GREEN BAY, Wis. (AP) - Milk bottles in carnival games are meant to be knocked down.
MVP quarterbacks are not.
Green Bay's offensive line has had its hands full this season as it has tried, often unsuccessfully, to keep Aaron Rodgers from looking like a tackling dummy, and it doesn't figure to get any easier in Saturday night's NFC divisional game in San Francisco.
The 49ers' front seven is one of the most brutish in the NFL, and just the sight of Aldon Smith or Justin Smith is enough to make a quarterback wince.
"It's going to be key for us to play our best here to date," Packers left guard T.J. Lang said. "We understand that it's going to be up to us to keep Aaron clean, let him make some plays back there in the pocket. That's going to be a huge factor in how this game turns out."
Rodgers is the Packers' most precious commodity, the reigning league MVP and one of the finest quarterbacks of his generation. The Packers (12-5) will only go as far as he takes them, so keeping him upright is a priority. Yet Rodgers was sacked an NFL-high 51 times during the regular season.
That's almost twice as many sacks as New England's Tom Brady took (27), and 30 more than Denver's Peyton Manning.
But that number, ugly as it may be, doesn't quite tell the whole story.
"Is it something that they're proud of? No. Of course not," offensive line coach James Campen said. "I'll just say this, those guys have made a lot of improvements and corrected the mistakes that got to those situations of giving up a sack or having a bad run. There's a lot of things that you could say, 'Well, there's 51 sacks.' But does that mean they're a bad line? Absolutely not, because there's a lot of other things that can factor into that."
Part of what makes Rodgers so special is his ability to turn a broken play into a big gain, getting outside the pocket and waiting until he finds an open man, throwing on the run.
It's resulted in countless dazzling plays and left many a defensive player shaking his head in wonder as he trudges down the field for the next snap.
But it also can leave Rodgers vulnerable. The more time he takes, the more chances a lineman or linebacker has to chase him down.
"Your mentality when you're blocking for him is make sure you stay engaged. You can't have a time clock in your head, thinking the ball might be gone," Lang said. "You've got to stay locked up with those guys, match their effort. As long as they're moving, you're moving to try and stay in front of them. Whenever we do that, we give Aaron some time, he tends to make a lot of big plays. That's definitely something that we work on a lot and we try to make sure we're good at."
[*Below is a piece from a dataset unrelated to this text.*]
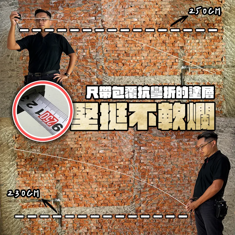 尺帶表面覆有特殊抗彎折塗層,最大化尺帶伸展性,可在不彎曲的情況下達到250cm測量長度。瞬間停止控制按鈕

But the bigger challenge in protecting Rodgers - this season, at least - has been consistency.
Or a lack of it.
With a new center in Jeff Saturday and Marshall Newhouse in his first season as the full-time starter at left tackle, the Packers were clearly out of sync early on. Rodgers was sacked 16 times in the first three games, and 21 times through the first five.
No coincidence the Packers began the season 2-3.
Just as the line found its rhythm, right tackle Bryan Bulaga was lost to a season-ending hip injury on Nov 4. Over the next six weeks, the Packers would use four different starting combinations on the offensive line, including rookie free agent Don Barclay at right guard.
"It's a hard thing to do," right guard Josh Sitton said. "I had to do it as a rookie, be the sixth man on the O-line, and having to come in and not knowing you're going to be in, not knowing when you're going to play and then finally getting your chance, it's a tough thing to do."
And yet, the Packers have found stability among the chaos.
The running game, which depends on a stout offensive line, has taken off, too.